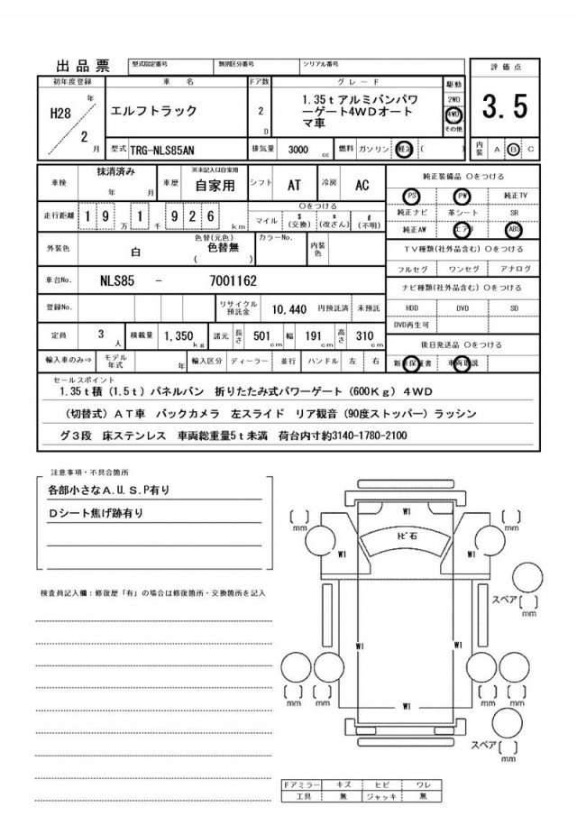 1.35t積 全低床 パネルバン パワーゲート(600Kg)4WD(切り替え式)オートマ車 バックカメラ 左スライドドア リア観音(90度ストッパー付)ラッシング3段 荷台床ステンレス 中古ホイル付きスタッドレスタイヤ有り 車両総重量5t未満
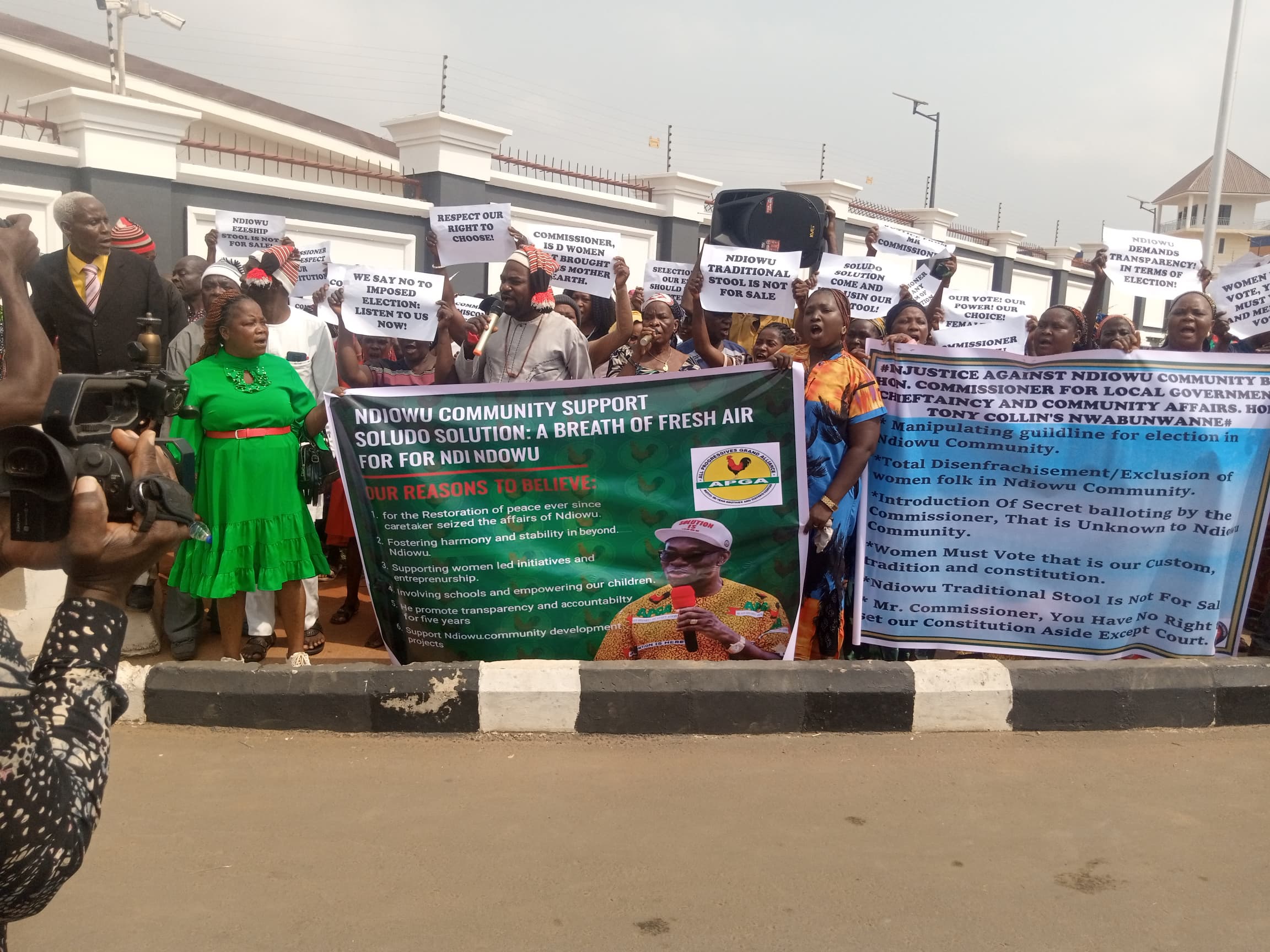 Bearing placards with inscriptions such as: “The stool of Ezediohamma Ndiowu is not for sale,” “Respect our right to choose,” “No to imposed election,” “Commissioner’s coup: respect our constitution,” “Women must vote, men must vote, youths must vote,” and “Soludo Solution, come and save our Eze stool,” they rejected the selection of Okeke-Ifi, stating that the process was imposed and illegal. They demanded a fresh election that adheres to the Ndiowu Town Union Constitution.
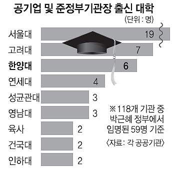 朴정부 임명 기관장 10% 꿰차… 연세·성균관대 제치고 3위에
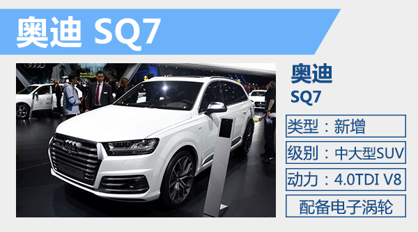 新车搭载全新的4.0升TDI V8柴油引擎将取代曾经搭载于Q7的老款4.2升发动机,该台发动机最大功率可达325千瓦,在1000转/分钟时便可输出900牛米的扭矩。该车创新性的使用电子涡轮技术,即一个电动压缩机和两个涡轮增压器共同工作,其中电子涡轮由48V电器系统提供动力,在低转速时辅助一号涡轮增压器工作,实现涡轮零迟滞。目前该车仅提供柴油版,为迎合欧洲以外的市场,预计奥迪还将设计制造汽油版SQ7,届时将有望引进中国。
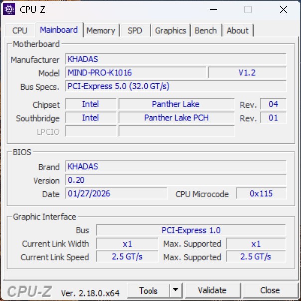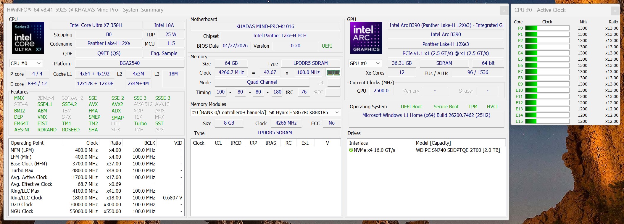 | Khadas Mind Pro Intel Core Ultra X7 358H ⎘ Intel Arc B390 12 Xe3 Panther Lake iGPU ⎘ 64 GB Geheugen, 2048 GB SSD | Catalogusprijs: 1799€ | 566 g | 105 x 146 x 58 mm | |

--

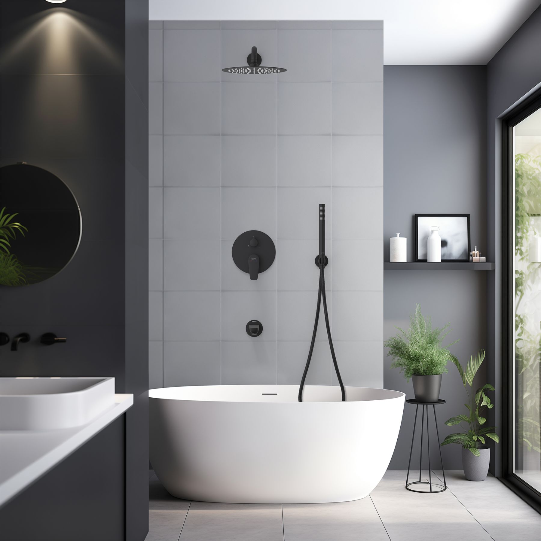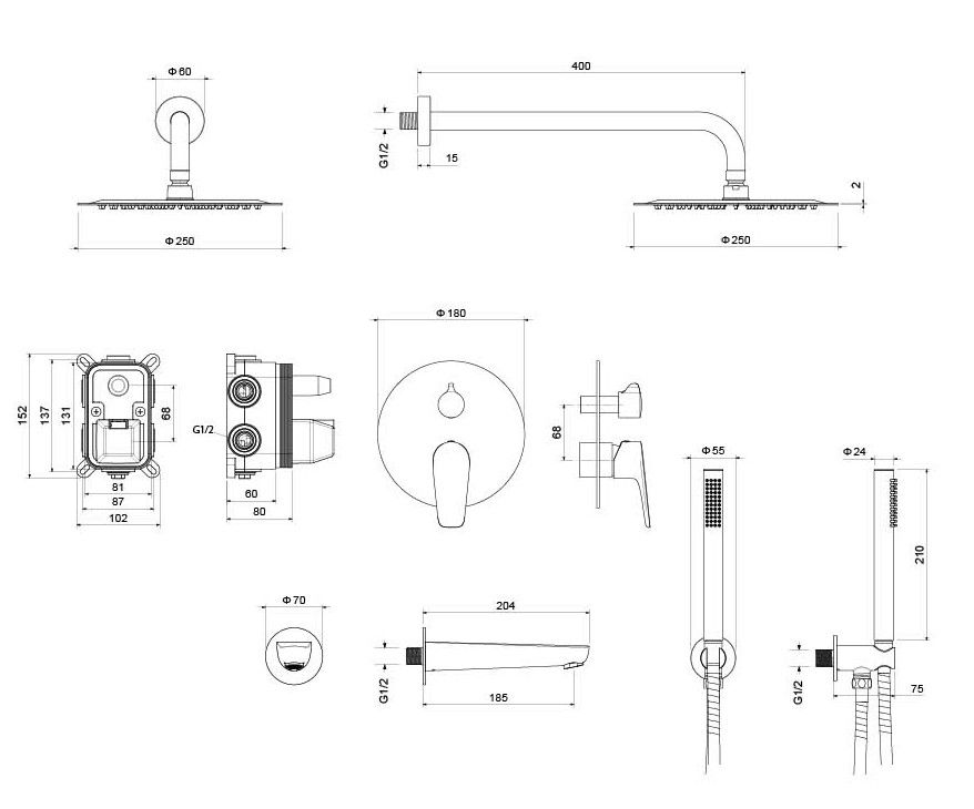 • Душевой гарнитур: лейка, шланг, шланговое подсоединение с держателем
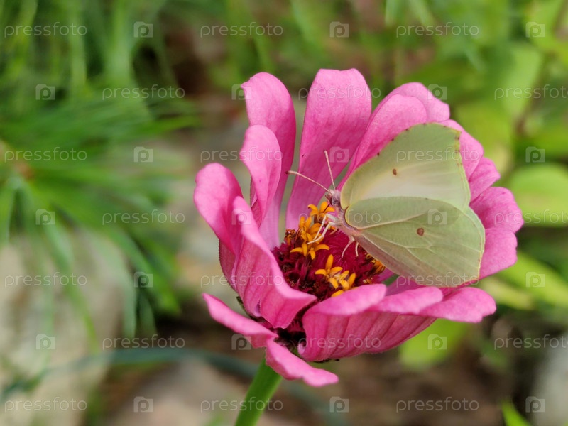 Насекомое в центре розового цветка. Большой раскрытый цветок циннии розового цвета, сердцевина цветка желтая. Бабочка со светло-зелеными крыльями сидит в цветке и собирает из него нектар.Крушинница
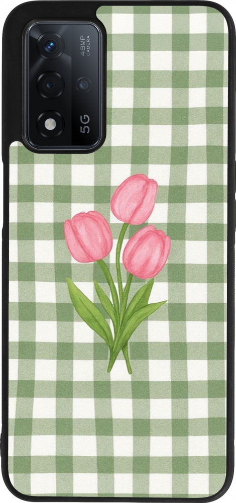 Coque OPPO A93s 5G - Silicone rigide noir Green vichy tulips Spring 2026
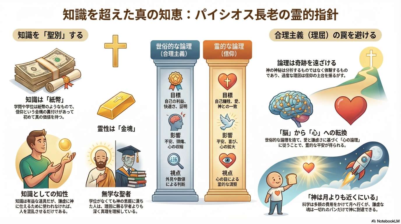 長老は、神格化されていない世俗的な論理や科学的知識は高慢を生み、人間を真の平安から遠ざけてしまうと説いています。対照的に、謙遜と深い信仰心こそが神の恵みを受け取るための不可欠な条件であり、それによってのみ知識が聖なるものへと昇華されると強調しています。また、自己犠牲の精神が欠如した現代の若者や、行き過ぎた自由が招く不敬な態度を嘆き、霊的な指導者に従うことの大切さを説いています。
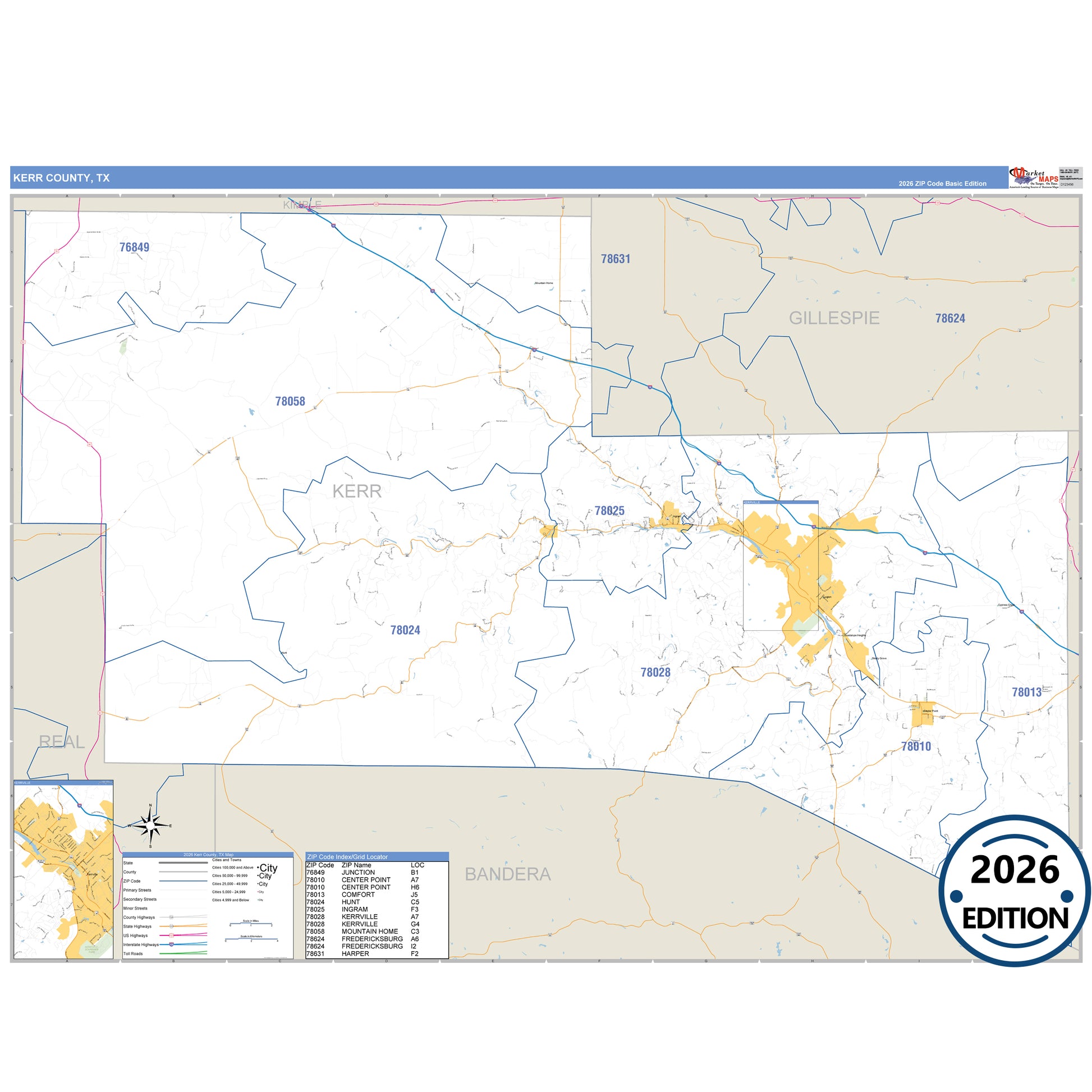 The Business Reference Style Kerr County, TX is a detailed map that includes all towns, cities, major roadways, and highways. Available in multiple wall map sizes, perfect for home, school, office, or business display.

...

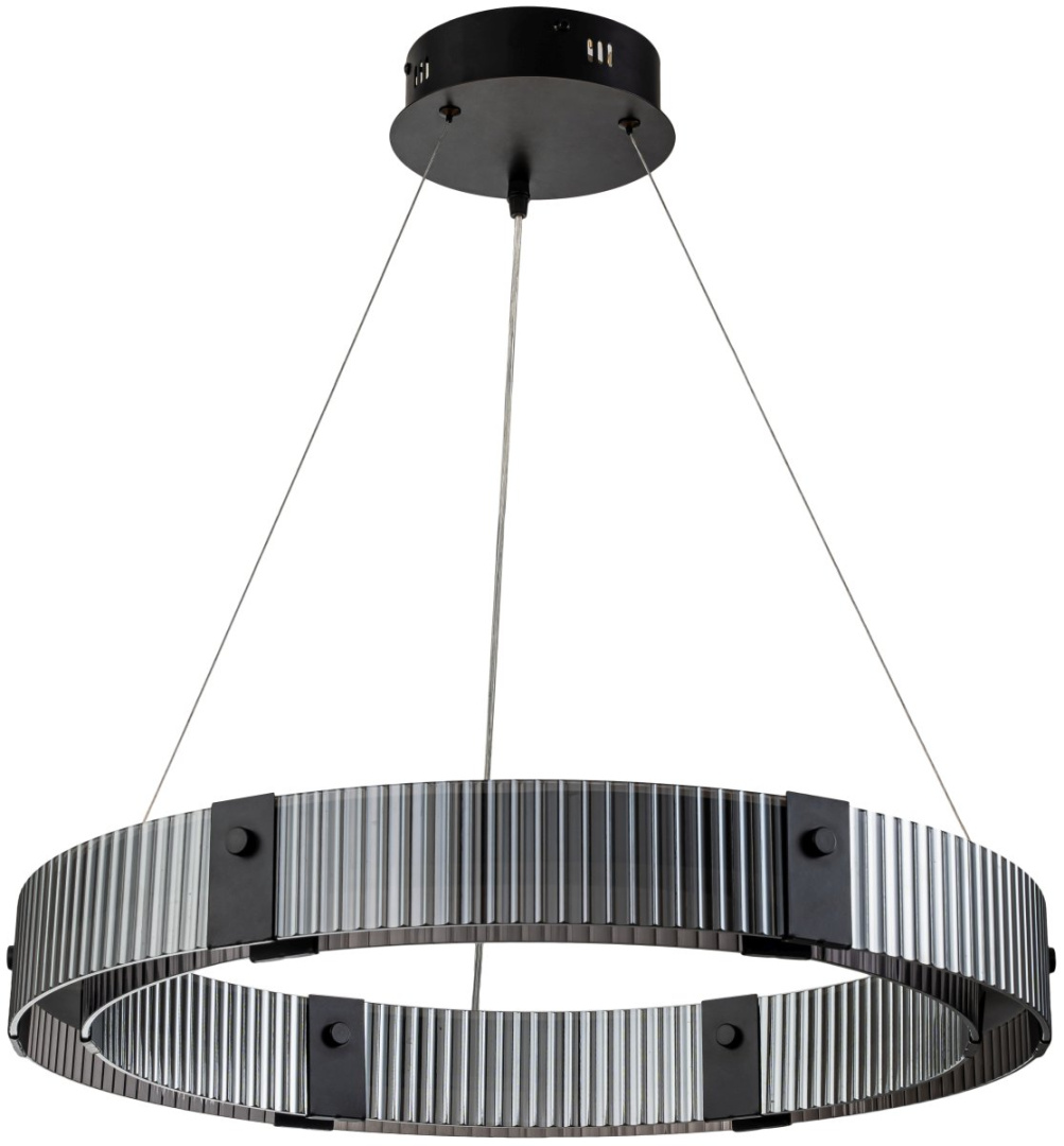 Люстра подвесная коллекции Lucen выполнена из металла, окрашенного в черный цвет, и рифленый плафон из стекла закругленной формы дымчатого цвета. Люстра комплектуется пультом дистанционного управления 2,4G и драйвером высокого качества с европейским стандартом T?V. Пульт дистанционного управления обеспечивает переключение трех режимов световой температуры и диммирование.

**Aim of the task:** Starting at the line that contains "подсоединение с держателем" and ending at the line that contains "The Business Reference", transcribe the material above exactly, excluding pictures.

**Solution for this problem:**
 • Душевой гарнитур: лейка, шланг, шланговое подсоединение с держателем
 Насекомое в центре розового цветка. Большой раскрытый цветок циннии розового цвета, сердцевина цветка желтая. Бабочка со светло-зелеными крыльями сидит в цветке и собирает из него нектар.Крушинница
 Coque OPPO A93s 5G - Silicone rigide noir Green vichy tulips Spring 2026
 長老は、神格化されていない世俗的な論理や科学的知識は高慢を生み、人間を真の平安から遠ざけてしまうと説いています。対照的に、謙遜と深い信仰心こそが神の恵みを受け取るための不可欠な条件であり、それによってのみ知識が聖なるものへと昇華されると強調しています。また、自己犠牲の精神が欠如した現代の若者や、行き過ぎた自由が招く不敬な態度を嘆き、霊的な指導者に従うことの大切さを説いています。
 The Business Reference Style Kerr County, TX is a detailed map that includes all towns, cities, major roadways, and highways. Available in multiple wall map sizes, perfect for home, school, office, or business display.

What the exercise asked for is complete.